But the whole point of final_div would be to make some epochs with a very small learning rate. If you look at Gugger’s summary, he recommends something like one hundredth of the minimum. That is (leaving everything at default) 1/25 * 1/100. If you pass a final div of 2500, the plot should actually show the graph touching the line y=0, but this does not seem to happen.
Also, from your example plot with final div = 2, you can see it alters the whole cycle, not just the final part. Looking at the typical linear example, the final part is the line segment characterized by a slightly smaller negative slope:
The main cycle is the part of the graph above the line y=0.001, the final part is the one below that line. Setting such part should not alter the rest of the cycle.
I would not dare to tag Jeremy, but since he liked the answer, I would just ask him for clarification particularly about such matters.
Mh, why not? You can safely glue a cosine (in fact, since it starts from ~0, I would have called it sine annealing) with another function… It would be continuous nonetheless.
Just another thing: what is the point of having max_lr?
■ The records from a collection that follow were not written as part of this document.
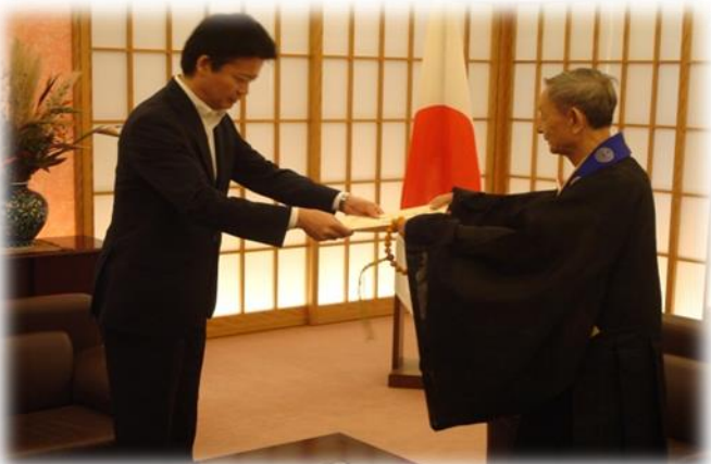
当財団の長年の国際交流の貢献に対する感謝状贈呈式
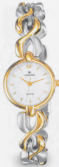
047/0736.44 DM 229,-*
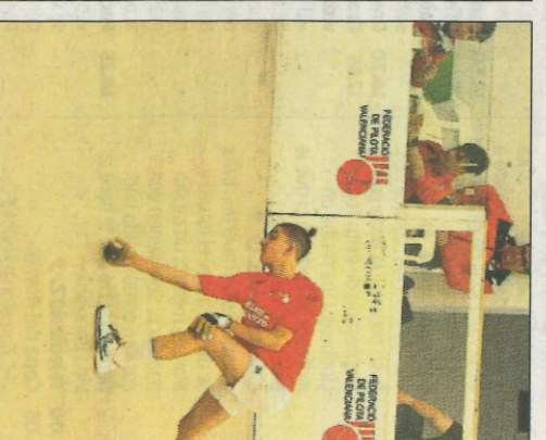
Murcia en acció. SD
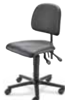
MV2 F8M1XXL 47 - 65 cm
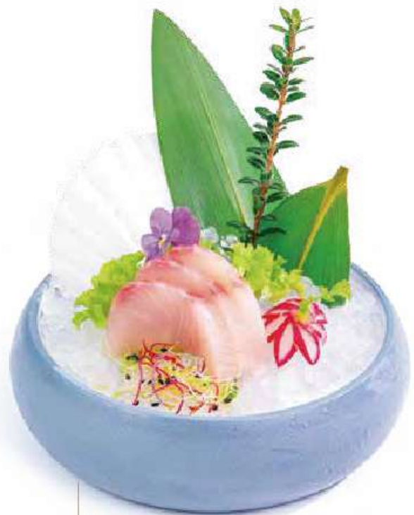
163 SASHIMI RICCIOLA* 5PZ €7.00 🍣
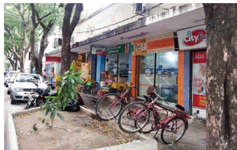
Os canteiros foram transformados em bicicletário e depósito de lixo
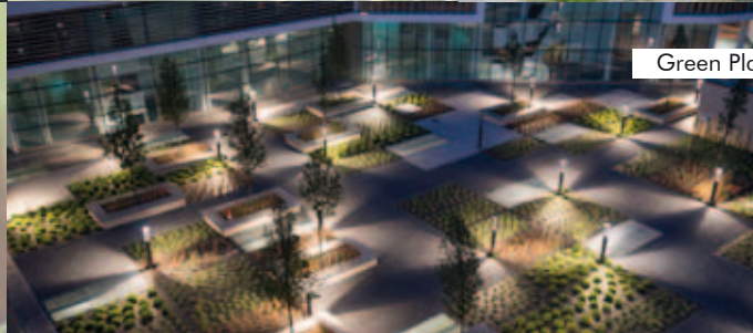
Green Place, Mailand, Italien
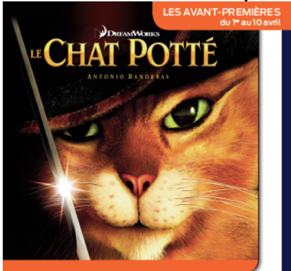
LE CHAT POTTÉ Animation, le 4 avril en DVD

« D'évidence, ce Potté a vraiment un pedigree de star et il garde plus d'une aventure sous la semelle ». TM6 7 Jours
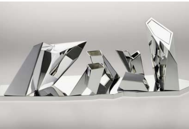
Servizio da tè e da caffè, Daniel Libeskind per Sawaya & Moroni, USA/Italia 2009, argento Sterling, 7 pezzi, € 70.000 – 80.000
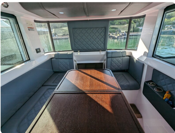
Axopar 37 XC dinette view
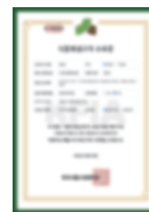
Giấy chứng nhận hoàn thành khóa đào tạo vệ sinh an toàn thực phẩm
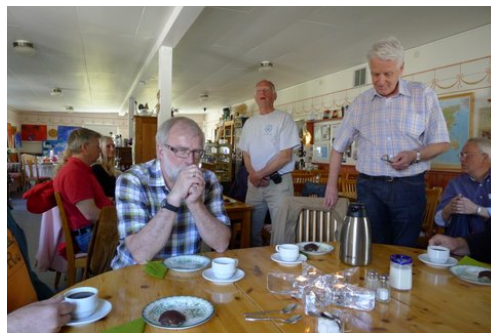
En fundersam TN vid fikat innan allvaret började.

Sen kom ju kvällens clou! SILLAMACKAN som värdskapet dvs BE HM bjöd på helt ur egen ficka!! Lustigt nog fanns det lite dricka över från förfriskningarna på Johansberg! Heja!
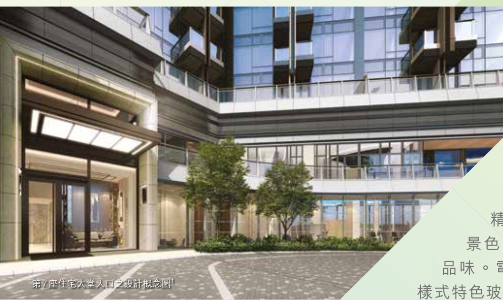
第7座住宅大堂入口之設計概念圖 1
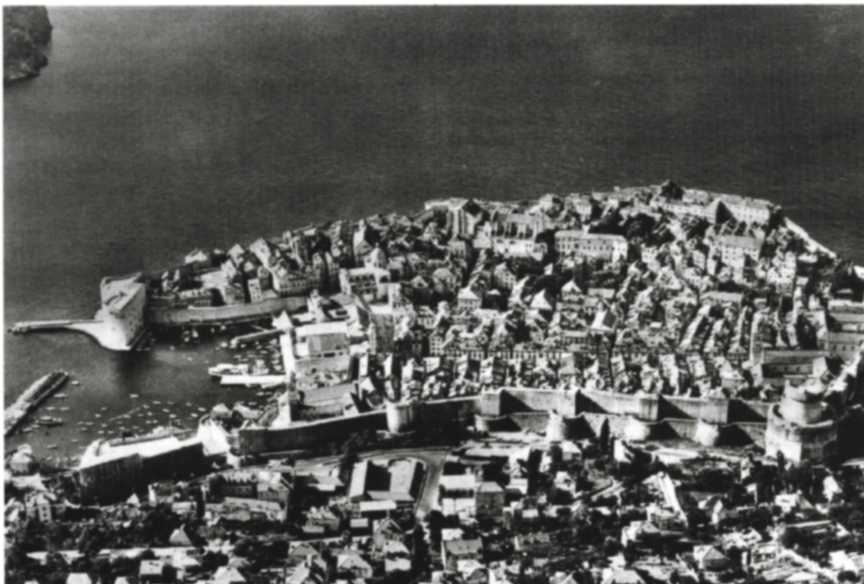
Pohľad na Dubrovnik

tamojších miest. U nás zbúrali v sedemdesiatych rokoch, okrem iného, faru v Čadci, kde zasadala SNR v meru ôsmom roku minulého storočia, s výraznou pamätnou tabuľou. Z Bulharska možno uviesť aj príklad Koprivštica – dôkladne rekonštruovaného svojrázneho celku s pôvabnou architektúrou, zároveň mesta významného pre národnú tradíciu.

It doesn’t seem to do anything useful…
I may be wrong, but I think that as you unfreeze the network, it get splitted, by default in three layer groups: the first half of the body, the last part of it, and the head. If you pass slice(a,b), you will get a applied to the 1st part of the body, b to the head, and something in the middle to the 2nd part of the body. Indeed, rather than slice(), you can try and pass a list like this: [a,c,b], a-la-fastai 0.7. It’ll work.
I think not, but let’s wait and see if more informed fellas will answer.
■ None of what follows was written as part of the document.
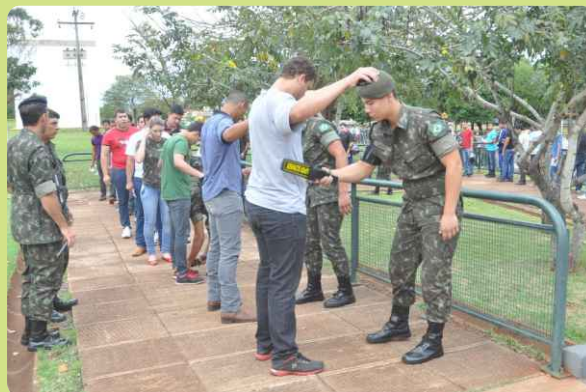
Recepção dos candidatos
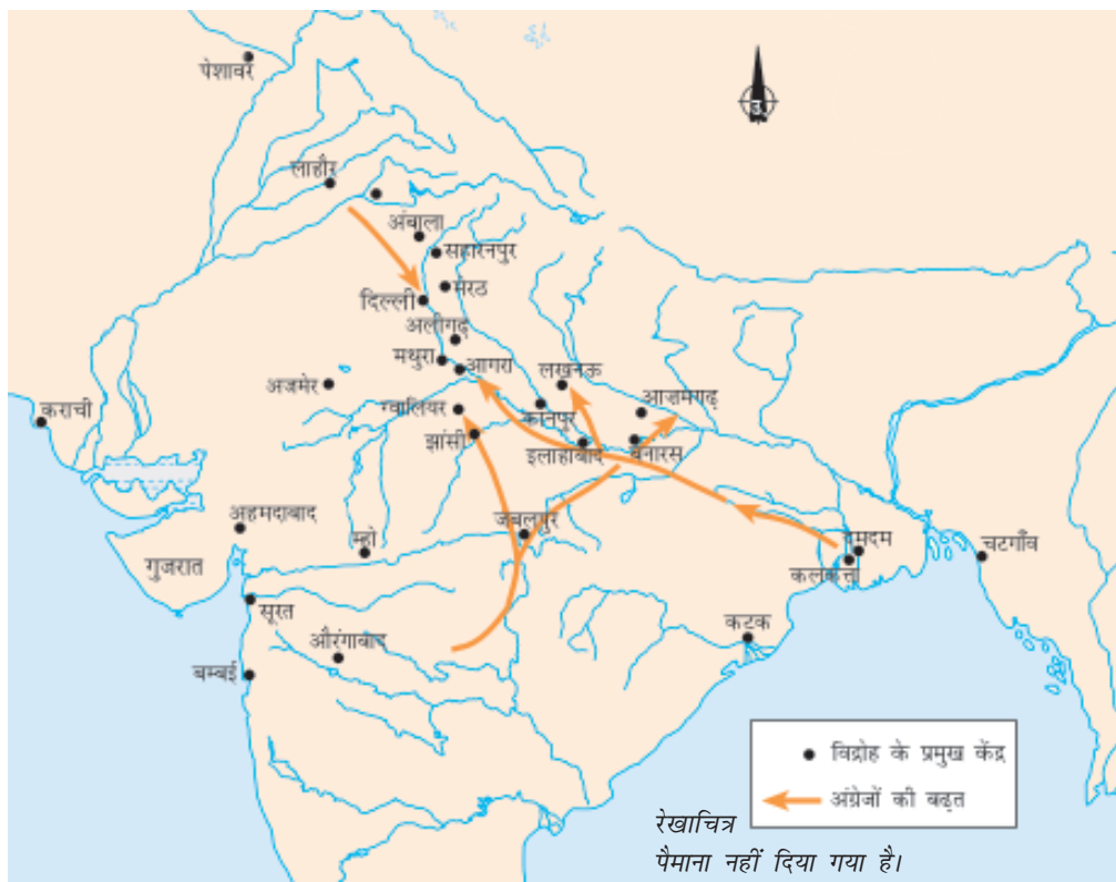
रेखाचित्र पैमाना नहीं दिया गया है।

☞ इस विवरण के अनुसार गाँव वालों से निपटने में अंग्रेजों को किन मुश्किलों का सामना करना पड़ा?

Correct, but don’t confuse the “variation” of LR for the 1-cycle policy with differential learning rates. They are very different concepts, and as you train an unfrozen network, both of them are applied.
Suppose you start fit_one_cycle() upon an unfrozen net, just specifying a learning rate of lr=1, and a slice like (lr/a,lr). What follows will happen:
- It will do a cycle where the learning rate for the head varies between 1/25 and 1.
- The learning rate for the first group of the body will go between 1/25a and 1/a.
- The learning rate for the central group will vary accordingly within some middle ground. Looking at the code above, if layer_groups>3, the array will be spaced in proportion, unless you pass it explicitly.
Read above, but ask more informed people for confirmation.